Wiele czynników odgrywa tu rolę. Na pierwszym miejscu stawiamy głosy konsumentów, które są zbierane przez naszych wizażystów. Bierzemy pod uwagę również opinie pochodzące z blogów i forów internetowych. W tym zakresie prężnie działa nasz dział marketingu. Zbiera wszystkie te informacje, dodatkowo obserwuje rynek i jego potrzeby, trendy światowe, media i zamyka koncepcję produktu.
• Czyli to, co dzieje się na świecie, nie jest obce Polkom?

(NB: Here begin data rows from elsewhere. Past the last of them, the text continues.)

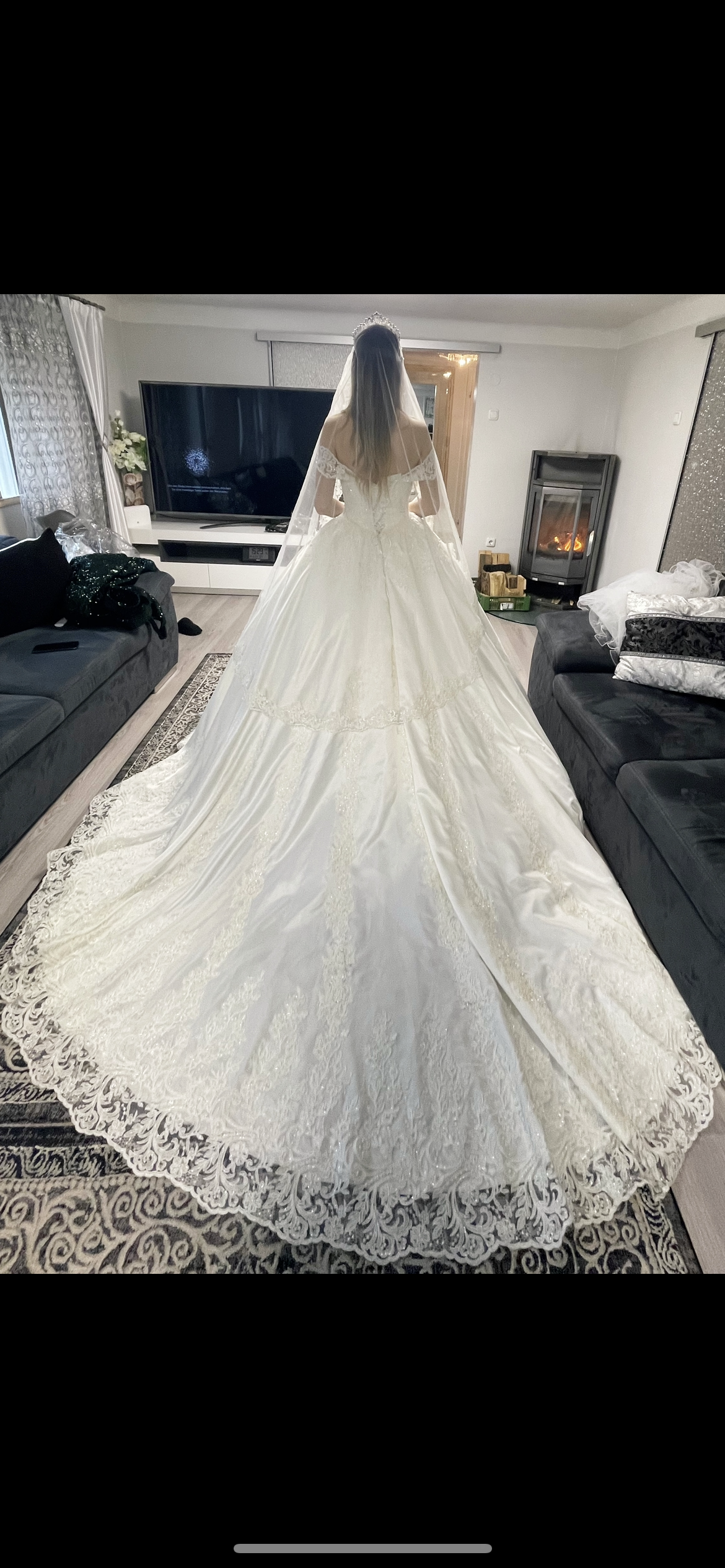Ich habe das Kleid am 18.02.21 gekauft also sehr NEU. Es wurde etwas umgeändert und bisschen mehr Perlen eingearbeitet aber sonst nichts. Leider kann ich das Kleid nicht zurück geben und von daher verkaufe ich es sehr günstig weiter.
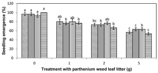 Seedling emergence from all test plant species was reduced by 20 to 40% when in soil containing parthenium weed leaf litter (Figure 4). This suggests that the leaf litter produced by one to two parthenium weed plants can reduce seedling emergence from other plant species that may be present in the seed bank. A major source of these chemicals is undoubtedly the aerial parts where certain allelochemicals are contained within the multitude of trichrome hairs that cover the surface of the leaves and stems that can be released directly to the soil during rainfall [29,30,31]. Additionally, continuing inputs of compounds may also play an important role in the growth inhibition under the field conditions where parthenium weed is growing with either crops or pasture species. Maize was least affected, while liverseed grass was most affected (Figure 4). This result is consistent with the previous experiments where the maize germination was least affected in terms of its germination and growth in soil collected from a parthenium weed-infested site [32]. In line with maize but in contrast with the other test species, another study [20] showed that parthenium weed leaf litter could not significantly reduce the germination of wheat or pea seeds.
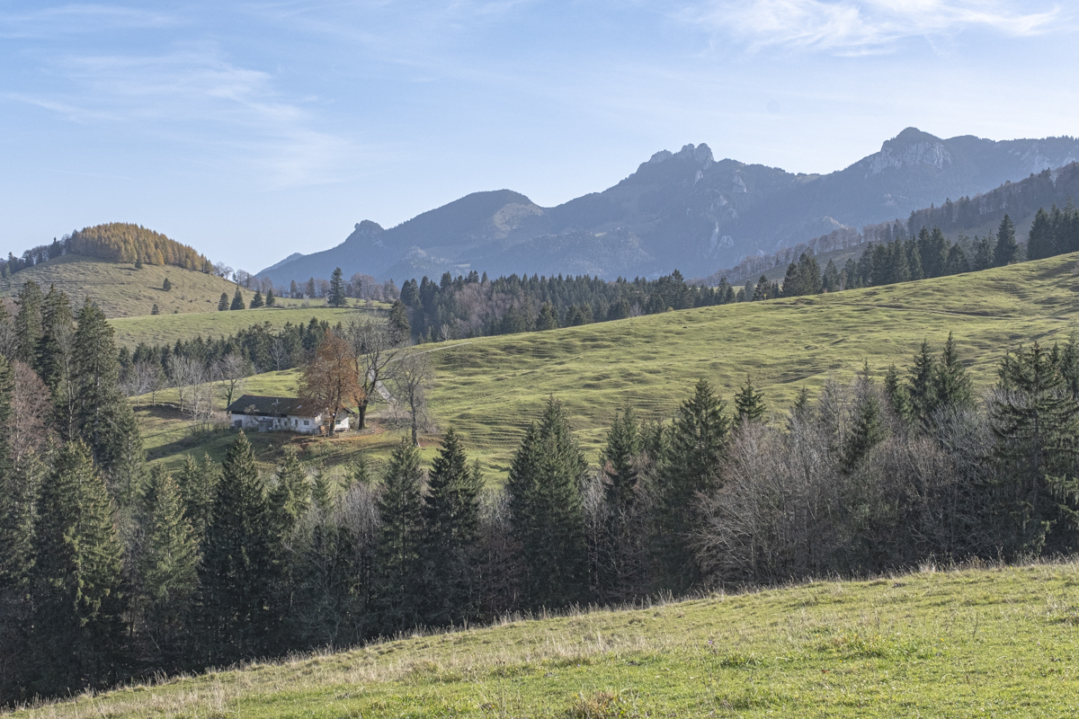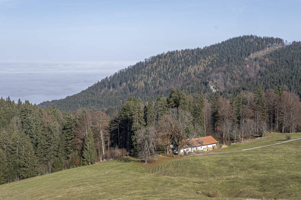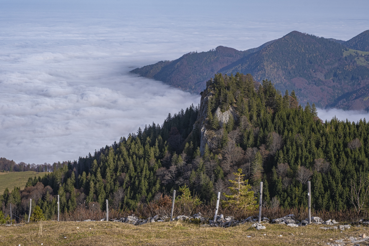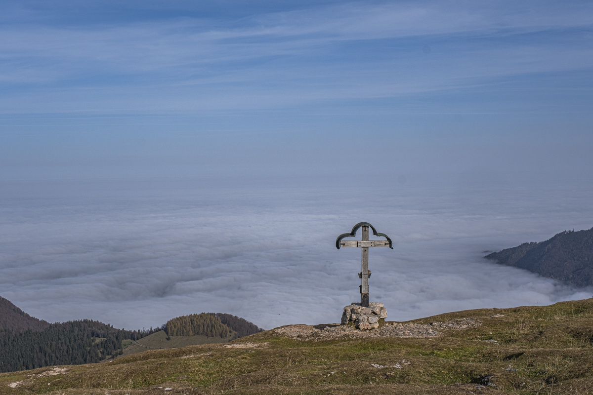 Start ist am Wanderparkplatz Soilach südlich von Frasdorf. Auf der Forststraße geht es zum im Winter geschlossenen Bauernhof Winterstube und weiter auf einem Steig, gelegentlich unterbrochen von einer Straße, zu den Laubensteinalmen und zum buckeligen Laubenstein-Gipfel. Leider ist der Chiemsee unter einer Wolkendecke begraben. Wegloser Abstieg nach Süden zu einem nicht markierten Steig, der unter dem Hammerstein talauswärts führt. Eine kurze Passage auf einer Straße, und der Steig setzt sich fort. Von plötzlich nach links unten führenden Spuren lasse ich mich irritieren und folge ihnen. Ein Blick auf den GPS Track hätte mich eines Besseren belehrt. Ein batziges Steilstück im Wald fördert nun Trittsicherheit und Konzentration. Ich erreiche eine Forststraße, gehe nach rechts und später an der natürlich geschlossenen Frasdorfer Hütte vorbei und weiter zur Winterstube und weiter …
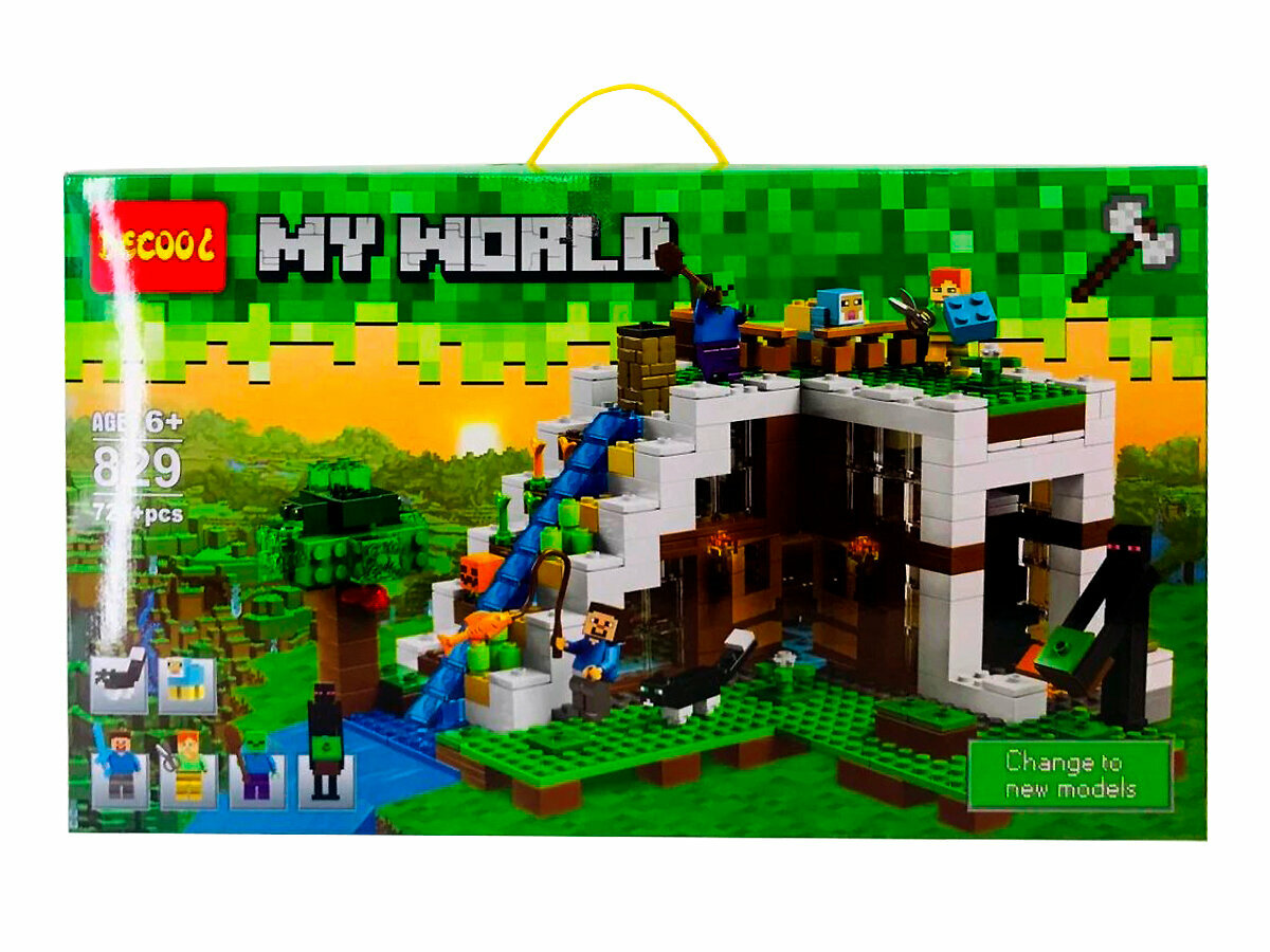 Конструктор Jisi bricks 829 Майнкрафт — База на водопаде, из серии Компьютерные игры, Майнкрафт
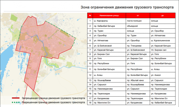 Акимат столицы уже вводил подобные ограничения в период проведения международной выставки EXPO. Тогда въезд для грузового транспорта на определенные участки города был ограничен с 06.00 до 23.00 часов.
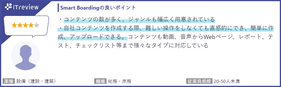 株式会社FCE(本社:東京都新宿区、代表取締役:石川淳悦、東証9564)が提供する、社員教育プラットフォーム「Smart Boarding」(スマートボーディング)(https://www.smartboarding.net/)は、アイティクラウド株式会社が主催するアワード「ITreview Grid Award 2024 Summer」の「 LMS/eラーニングシステム」部門において、満足度・認知度ともに優れた製品であると評価され、最高位である「Leader」を受賞しました。
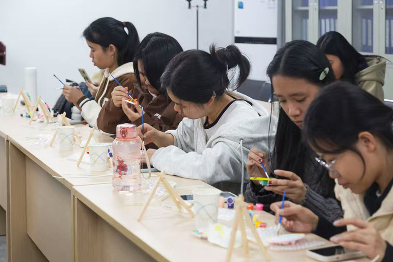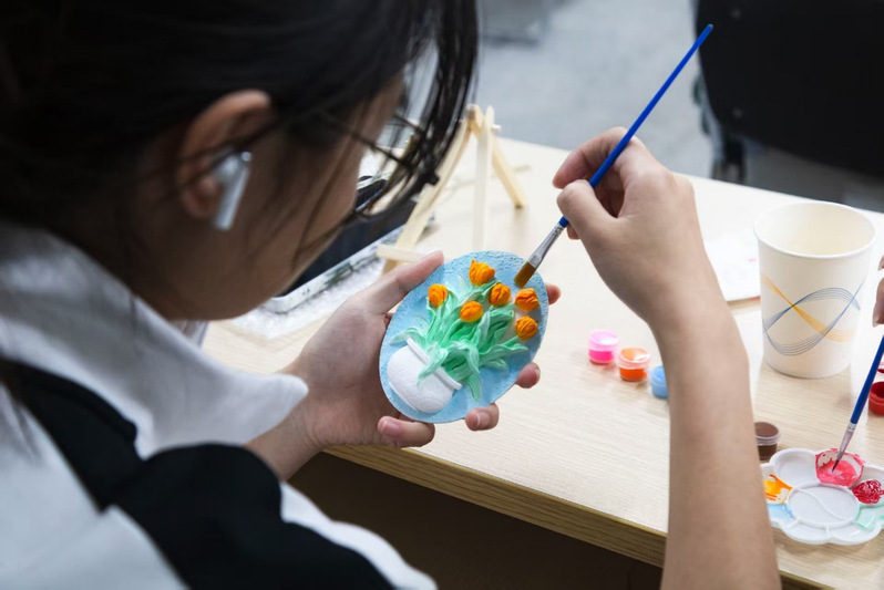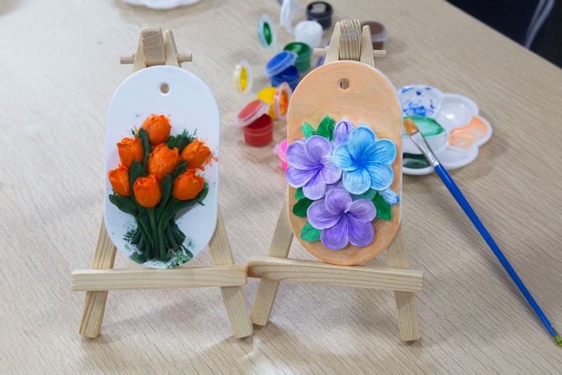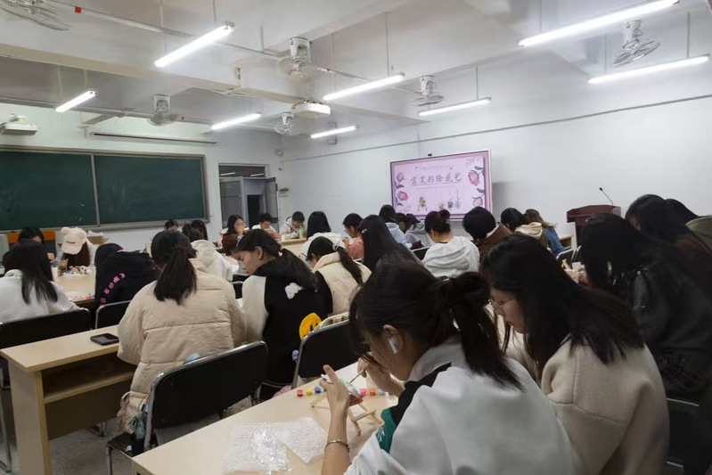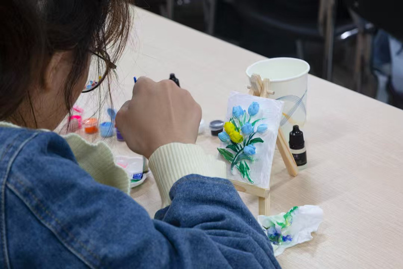 活动中,每位参与者都化身为“花艺艺术家”,通过手中的画笔为花朵赋予独特生命力。现场气氛安静而投入,笔触与花瓣轻触的细微声响、成员间偶尔的技巧交流,与众人专注的姿态共同构成了一幅动人的创作画面。大家或细致铺色,或大胆挥毫,在互动中激发灵感,在色彩与构图中探索个性表达。
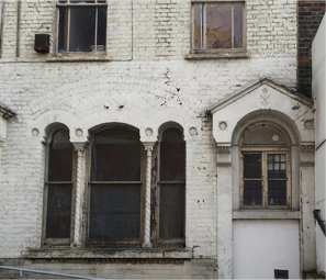 Number 8 Ashwin Street on the day following the 2008 fire – characteristic red brick banding, decorative stonework lintels and corbelled brickwork forming the eaves all feature. |
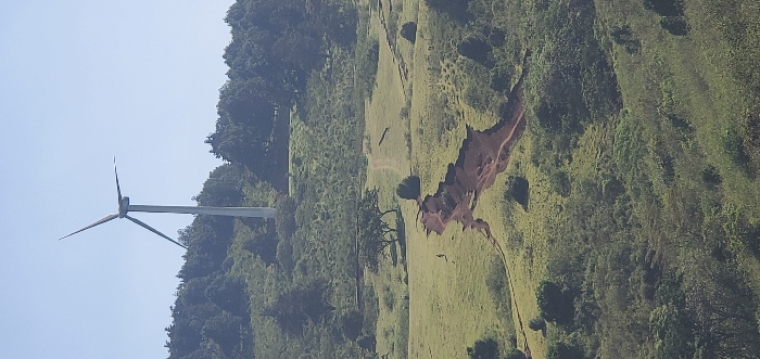 The image displays a rural landscape in Ewuaso Oonkidong'i ward, Kenya, under a clear blue sky. A white, three-bladed wind turbine stands on a distant, tree-covered hill in the upper background. The mid-ground features a predominantly green, undulating terrain. A significant, winding erosion gully with exposed reddish-brown soil cuts through this green area, extending from the upper left quadrant downwards and towards the right. Multiple narrow dirt paths are discernible within the landscape. A single human figure is observed walking on the green ground to the left of the erosion gully. The foreground is comprised of dense green vegetation.

Polki są bardzo wymagające. Jesteśmy firmą pracującą również w obszarze private label, czyli produkujemy kosmetyki kontraktowo. Nasi klienci to przedsiębiorstwa z Europy, Stanów Zjednoczonych, Kanady, a nawet z Półwyspu Arabskiego. Porównując rynek polski do światowego widzimy, że kobiety w naszym kraju wielką wagę przywiązują do jakości oraz bezpieczeństwa produktów kosmetycznych. Dlatego też jako producent staramy się zaspokoić ich potrzeby.
• Zatrudniacie własnych stylistów. Na czym polega specyfika ich pracy?
Zatrudniamy wizażystów z doświadczeniem w kosmetologii i stylizacji. Bezpośredni kontakt z klientem, który ma miejsce podczas pokazów kosmetyków, pozwala na zebranie opinii zarówno o naszych, jak i innych kosmetykach funkcjonujących na rynku, a także niespełnionych przez branżę wymaganiach w tym obszarze.
Wizażyści współpracują z marketingiem i działem rozwoju. Taki obieg informacji pozwala nam tworzyć kosmetyki zgodnie z oczekiwaniami konsumentów. Klientki od naszych wizażystów otrzymują poradę w zakresie technik makijażu, informację o aktualnych trendach kolorystycznych, wiedzę o produktach, a także pomoc w doborze stylizacji do danego typu urody.
• Czy pani zdaniem to jakość zapewnia sukces na nasyconym rynku? Czy coś jeszcze ma znaczenie?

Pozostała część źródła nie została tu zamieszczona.